How to make a "mutable" number in an array (numpy)?

Question

I am trying to make an array, which includes the same number multiple times, but if I change it in any place, it should change everywhere. Like with lists:

a = b = [1]
>>> a.append(1)
>>> print(b)
>>> [1, 1]

So I want an array like this:

number = 10   
arr = numpy.zeros((10, 10))
arr[0][0] = number
arr[1][1] = number
arr[0][0] += 1
print(arr[1][1])

Here it should output "11". So is there a way to have multiple references to a number? I know you could replace all the 10s with 11s, but firstly this would be too inefficient, secondly this could mess things up since another number may be coincidentally a 10 too.

Thanks.

Answer 1

A zero dimensional numpy array behaves in many respects like a mutable number:

>>> import numpy as np                                                  
>>>                                                                                                                 
>>> a = 2.0            # ordinary immutable number
>>> am = np.array(2.0) # "mutable number"                                                                                          
>>>                                                                                                                 
>>> A = np.array([[a, a, am, a], [am, am, a, a]], dtype=object)
>>> A
array([[2.0, 2.0, array(2.), 2.0],                                                                                  
       [array(2.), array(2.), 2.0, 2.0]], dtype=object)

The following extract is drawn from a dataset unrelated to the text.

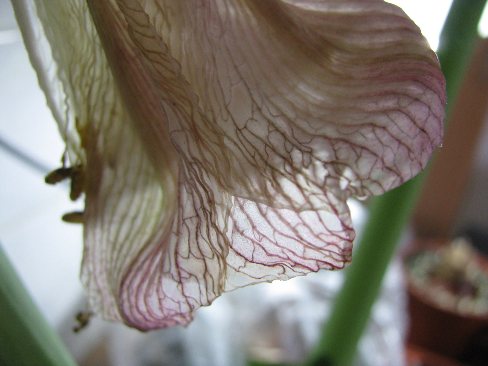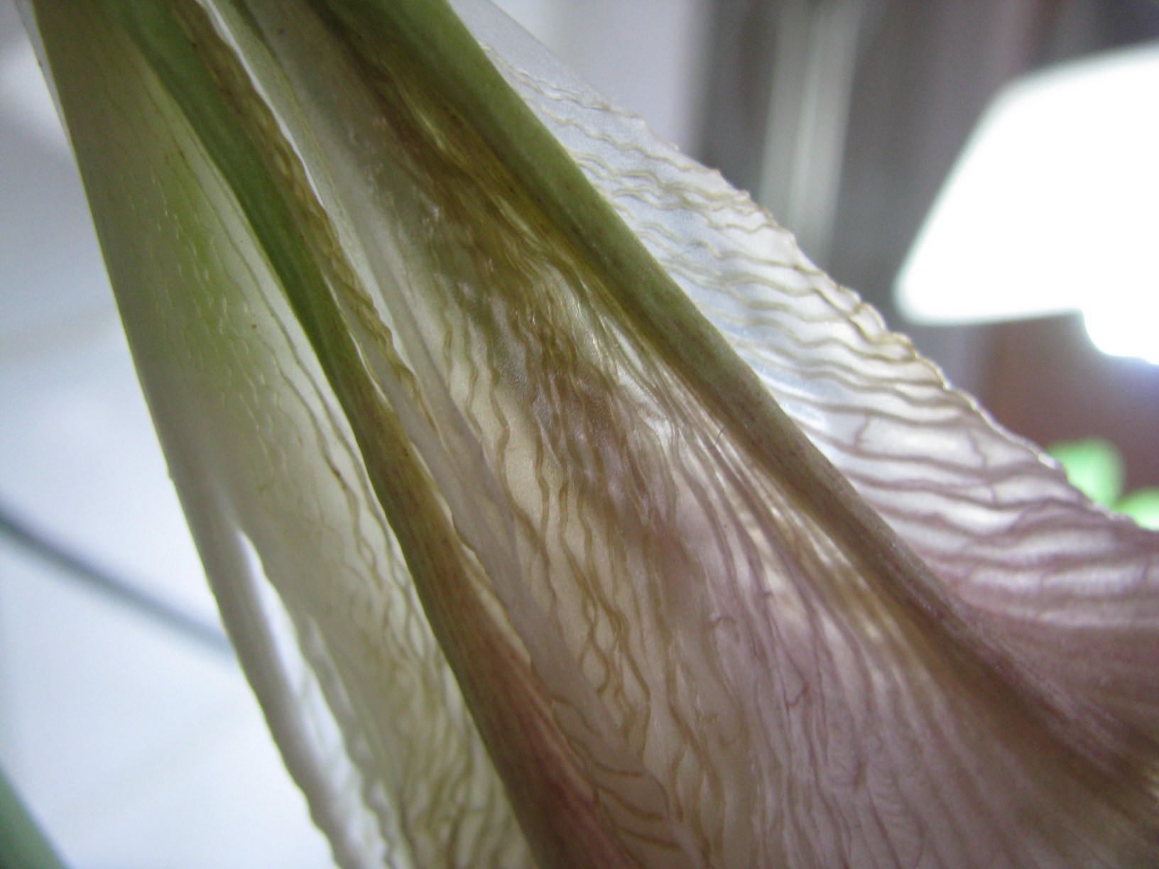 ...außerdem hoffe ich jemand weiß wie das Riesenblatt heißt , deswegen außer der schönen Nahaufnahme der Nervatur noch ein Ganzkörperfoto! Die ganze Pflanze hätte ich eh nie auf ein Bild bekommen...

That's a bit ugly, so below I'll convert to float before printing:

>>> A.astype(float)                                                          
array([[2., 2., 2., 2.],                                                                                            
       [2., 2., 2., 2.]])

These twos are not all equal, The top left is immutable

>>> A[0, 0] += 1

Assigning to it only directly addressed cell is affected:

>>> A.astype(float)
array([[3., 2., 2., 2.],
       [2., 2., 2., 2.]])
>>> a
2.0

The third two is mutable

>>> A[0, 2] -= 1

Assigning to it all references are affected:

>>> A.astype(float)
array([[3., 2., 1., 2.],
       [1., 1., 2., 2.]])
>>> am
array(1.)

Direct assignment requires [()] syntax:

>>> A[0, 2][()] = 1.5
>>> am
array(1.5)

Otherwise the link will break:

>>> A[0, 2] = 1.8
>>> A.astype(float)
array([[3. , 2. , 1.8, 2. ],
       [1.5, 1.5, 2. , 2. ]])

Update:

In a comment OP specifies the following desired behavior:

If the mutable number am occurs k times in A, then in A * 3 the mutable number should be multiplied with 3**k, not 3.

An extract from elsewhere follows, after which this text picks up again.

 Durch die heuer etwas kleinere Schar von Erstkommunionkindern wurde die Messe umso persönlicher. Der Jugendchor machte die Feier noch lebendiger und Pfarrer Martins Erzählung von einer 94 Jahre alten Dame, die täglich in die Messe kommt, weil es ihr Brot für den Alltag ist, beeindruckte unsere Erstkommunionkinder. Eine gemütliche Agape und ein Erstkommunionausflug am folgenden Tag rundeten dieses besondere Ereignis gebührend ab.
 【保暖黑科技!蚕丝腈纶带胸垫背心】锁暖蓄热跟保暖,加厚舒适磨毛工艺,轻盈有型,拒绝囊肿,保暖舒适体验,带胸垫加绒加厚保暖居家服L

We can get this behavior using the inplace (*=) operator and some trickery; if we want to preserve the original A, we must first make a copy:

Because numpys copying machinery normalizes our 0D arrays away, some more trickery is required to make a good copy:

>>> import copy
>>>
>>> B = np.empty_like(A)
>>> B.ravel()[...] = copy.deepcopy((*A.ravel(),))

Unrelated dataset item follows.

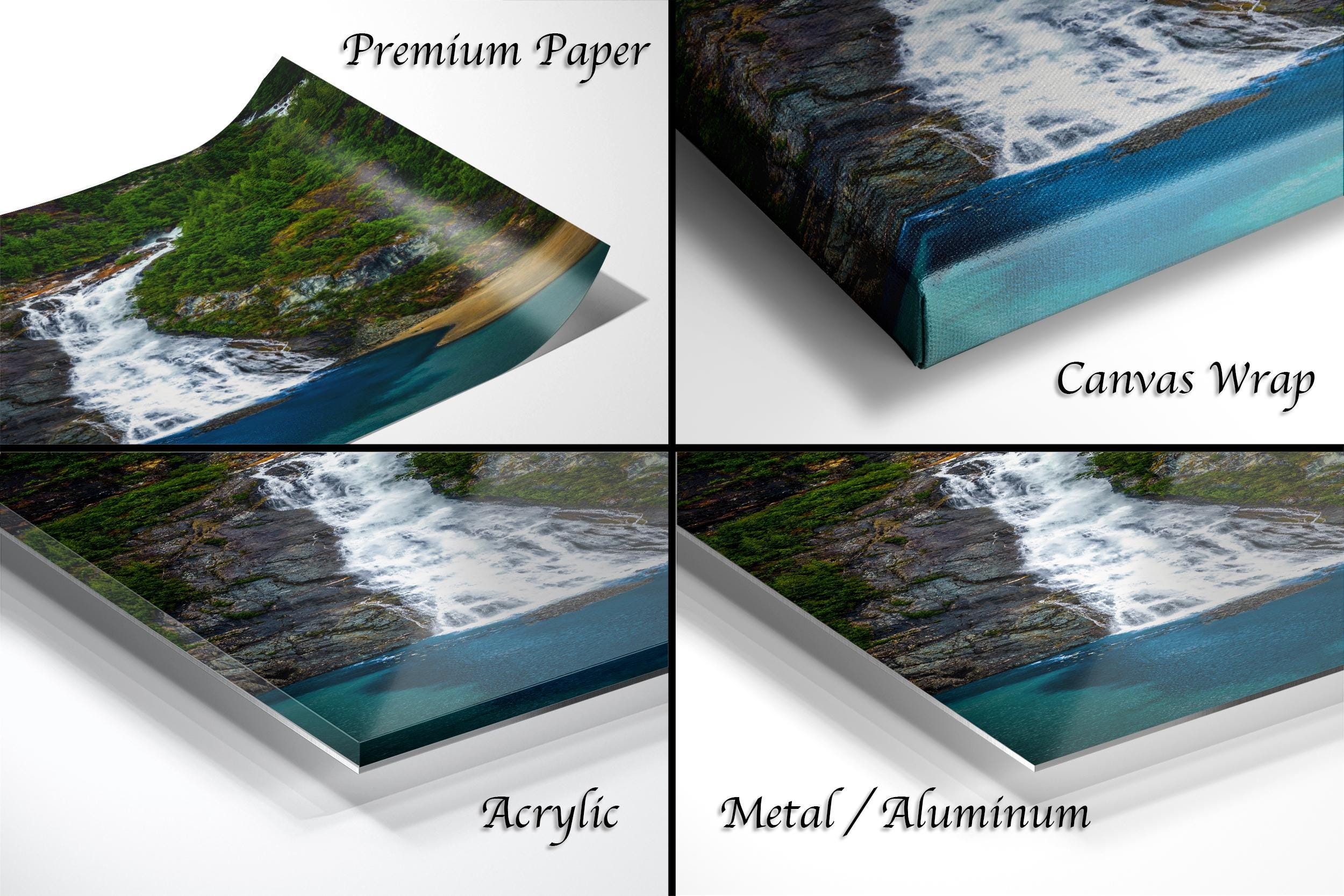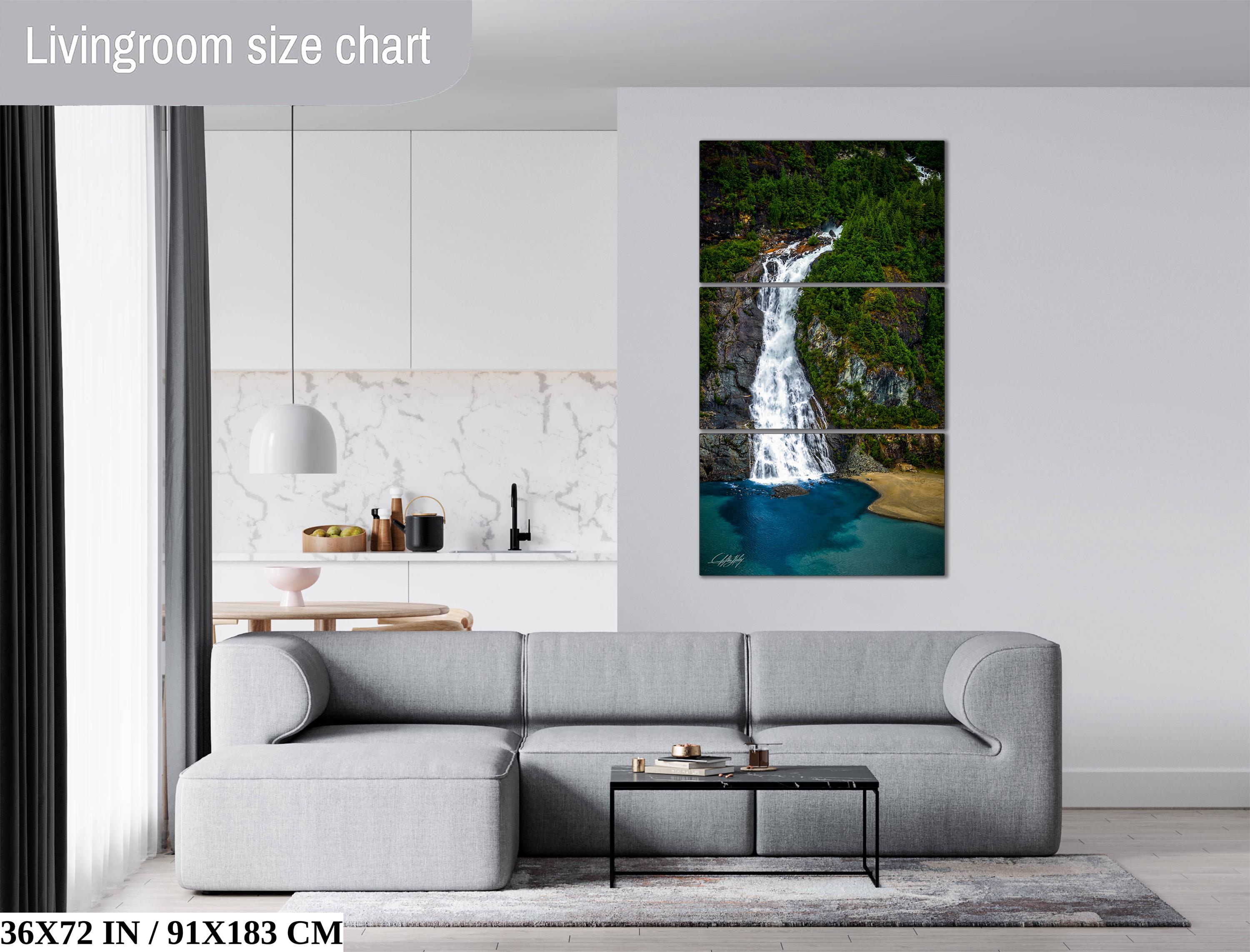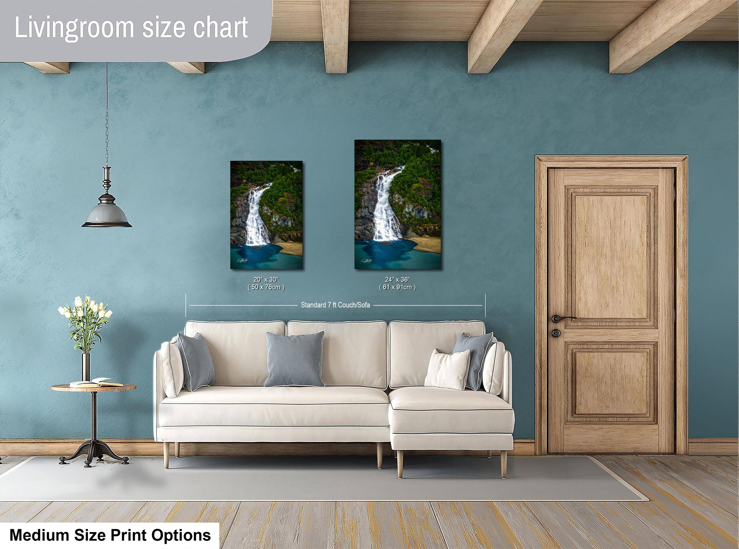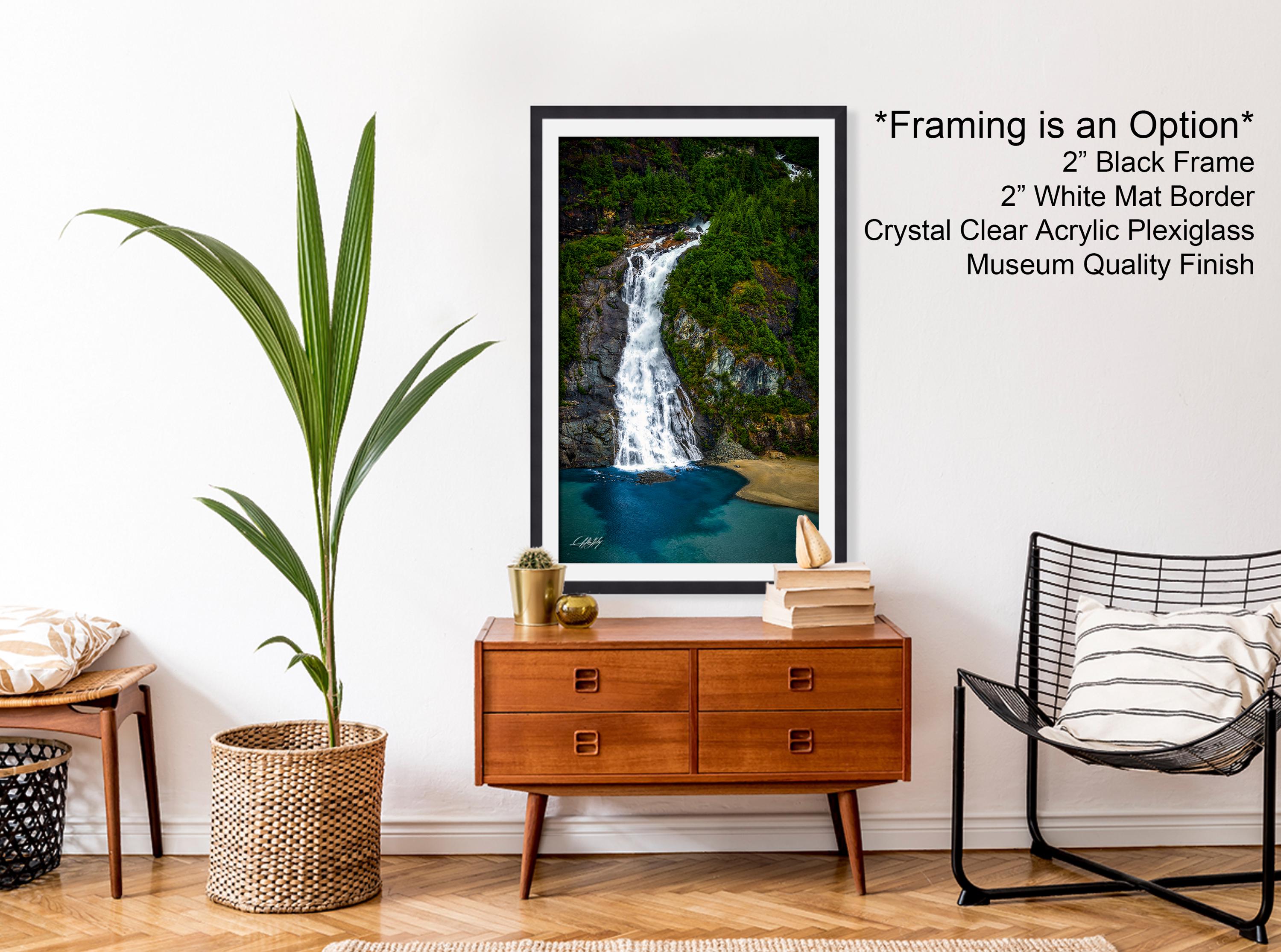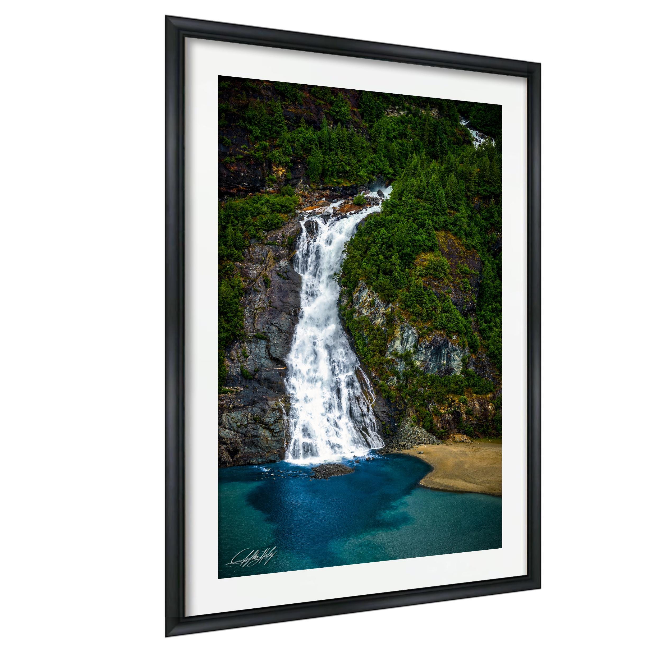 Shipping typically takes 1-2 weeks depending on customization. Add a touch of nature's grandeur with this captivating waterfall landscape print that celebrates the timeless beauty of Alaska.

Now do the inplace multiplication on the copy:

>>> import operator as op
>>> 
>>> C = np.frompyfunc(op.imul, 2, 1)(B, 3)
>>> 
>>> A
array([[2.0, 2.0, array(2.), 2.0],
       [array(2.), array(2.), 2.0, 2.0]], dtype=object)
>>> C
array([[6.0, 6.0, array(54.), 6.0],
       [array(54.), array(54.), 6.0, 6.0]], dtype=object)

Note that B will contain some useless hybrid data in the end and should be discarded.

>>> B
array([[2.0, 2.0, array(54.), 2.0],
       [array(54.), array(54.), 2.0, 2.0]], dtype=object)
>>> del B

Final note: this is more trickery than sane programming, so please regard it as a can-be-done rather than a should-be-done.